Logo
iTCO Solutions

Sr. ML Cloud Infrastructure Engineer

iTCO Solutions, Palo Alto, California, United States, 94306

Save Job

Senior Machine Learning & Cloud Infrastructure Engineer

Location: Palo Alto, CA (Onsite 4-5 days/week)

Employment Type: Long-term contract with potential for direct hire

Company: Early-Stage Healthcare + AI Start Up - Series B

About Us

AI is a fast-growing, venture-backed startup at the intersection of healthcare and artificial intelligence. We are building digital agents that support healthcare professionals and patients in non-diagnostic use cases - from scheduling and medication reminders to post-procedure follow-ups and routine care. Our mission is to help address the shortage of medical professionals by delivering scalable, AI-driven solutions that improve patient care and operational efficiency.

Role Overview

We are seeking cutting-edge, hands-on Machine Learning and Cloud Infrastructure Engineers with deep experience in ML Ops, LLM Ops, and distributed cloud systems. You will work on training and inference pipelines, custom Python jobs, and building multi-cloud, serverless infrastructure to support large-scale AI deployments.

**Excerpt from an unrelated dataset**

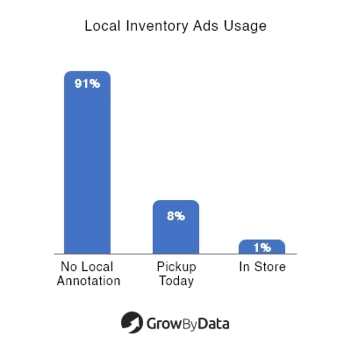 Further analyzing the data, we found only 9% of the ads had local inventory labels on them. 8% of the ads were using ‘Pick up today' and only 1% had the ‘In Store’ inventory label. This is another area where advertisers can focus on to stand out and beat the larger big box stores by targeting more local and nearby customers.

This role requires onsite presence in our Palo Alto office (minimum 3 days/week) and is ideal for engineers from top-tier universities or high-caliber industry backgrounds (FAANG, leading AI startups, or equivalent).

Key Responsibilities

Design, develop, and maintain ML Ops & LLM Ops pipelines for both training and inference workloads.

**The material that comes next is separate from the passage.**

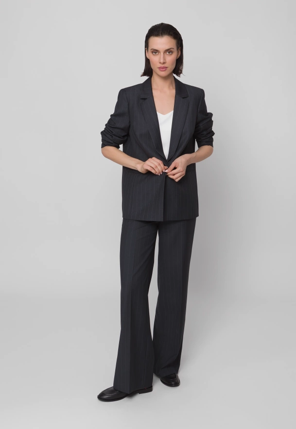 Kolekcja obejmuje klasyczne marynarki, do których dobierzesz spodnie w różnym fasonie aby stworzyć damski garnitur. Do wyboru w jesiennej odsłonie znajdziesz zestawy w modnym czekoladowym kolorze, intensywnej czerwieni, szarościach granacie i klasycznej czerni.

Build multi-cloud, serverless infrastructure leveraging AWS, Google Cloud, Azure, and emerging GPU-as-a-service providers (CoreWeave, Vast.ai, Lambda Labs, etc.).

Create scalable, elastic platforms to manage GPU resources efficiently for cost optimization.

Develop automation, observability, and CI/CD tooling to accelerate feature delivery and improve reliability.

Collaborate with model-building teams on pre-training, fine-tuning, and deploying large language models(50B+ parameters).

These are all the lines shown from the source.